**Instructions for the task**
Reproduce exactly only the lines from the line that holds "Demana Soft Light" to the line that holds "Skupina 11 rôznych", inclusive, in the listing below, and please leave out every picture.

---------- Dataset records ----------

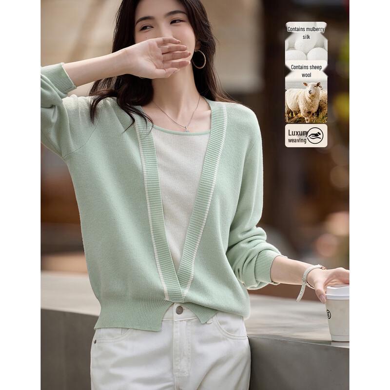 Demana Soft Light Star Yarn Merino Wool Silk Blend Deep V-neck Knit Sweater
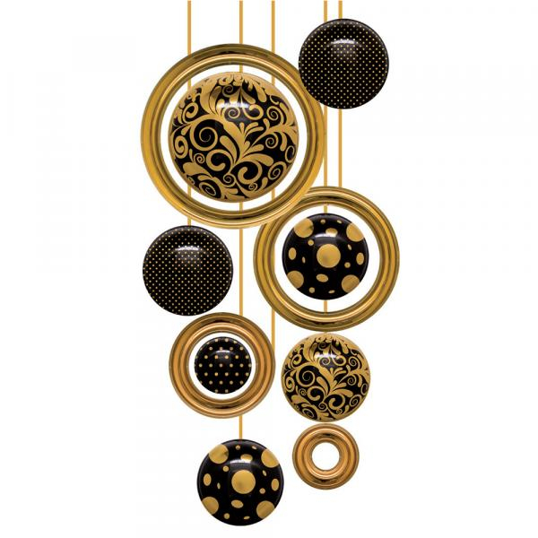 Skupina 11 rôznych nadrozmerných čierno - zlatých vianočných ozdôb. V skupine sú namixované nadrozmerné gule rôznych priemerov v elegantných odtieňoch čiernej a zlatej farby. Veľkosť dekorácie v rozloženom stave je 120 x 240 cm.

----------
---------- Dataset records ----------

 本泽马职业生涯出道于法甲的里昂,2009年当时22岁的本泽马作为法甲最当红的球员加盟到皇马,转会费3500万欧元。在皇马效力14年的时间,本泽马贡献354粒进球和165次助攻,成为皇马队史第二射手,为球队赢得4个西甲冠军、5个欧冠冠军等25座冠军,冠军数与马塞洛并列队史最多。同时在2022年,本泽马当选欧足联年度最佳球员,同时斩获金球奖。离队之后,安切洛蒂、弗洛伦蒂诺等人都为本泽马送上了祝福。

----------
---------- Dataset records ----------

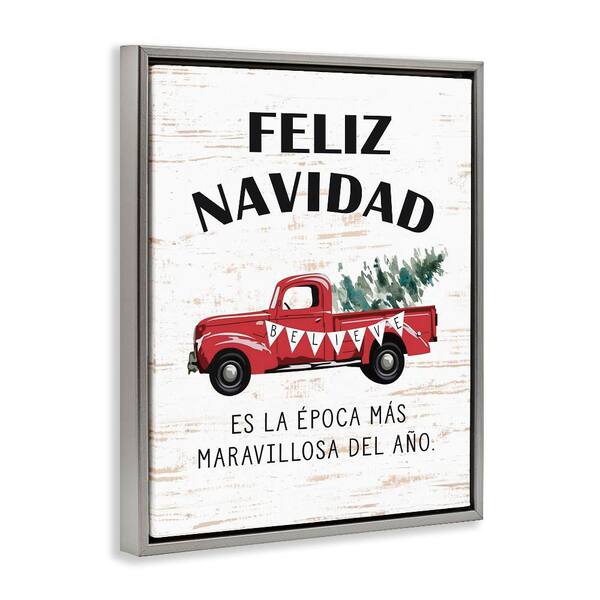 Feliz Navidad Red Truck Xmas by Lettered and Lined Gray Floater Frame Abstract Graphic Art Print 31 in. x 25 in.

----------

**Answer**
 Demana Soft Light Star Yarn Merino Wool Silk Blend Deep V-neck Knit Sweater
 Skupina 11 rôznych nadrozmerných čierno - zlatých vianočných ozdôb. V skupine sú namixované nadrozmerné gule rôznych priemerov v elegantných odtieňoch čiernej a zlatej farby. Veľkosť dekorácie v rozloženom stave je 120 x 240 cm.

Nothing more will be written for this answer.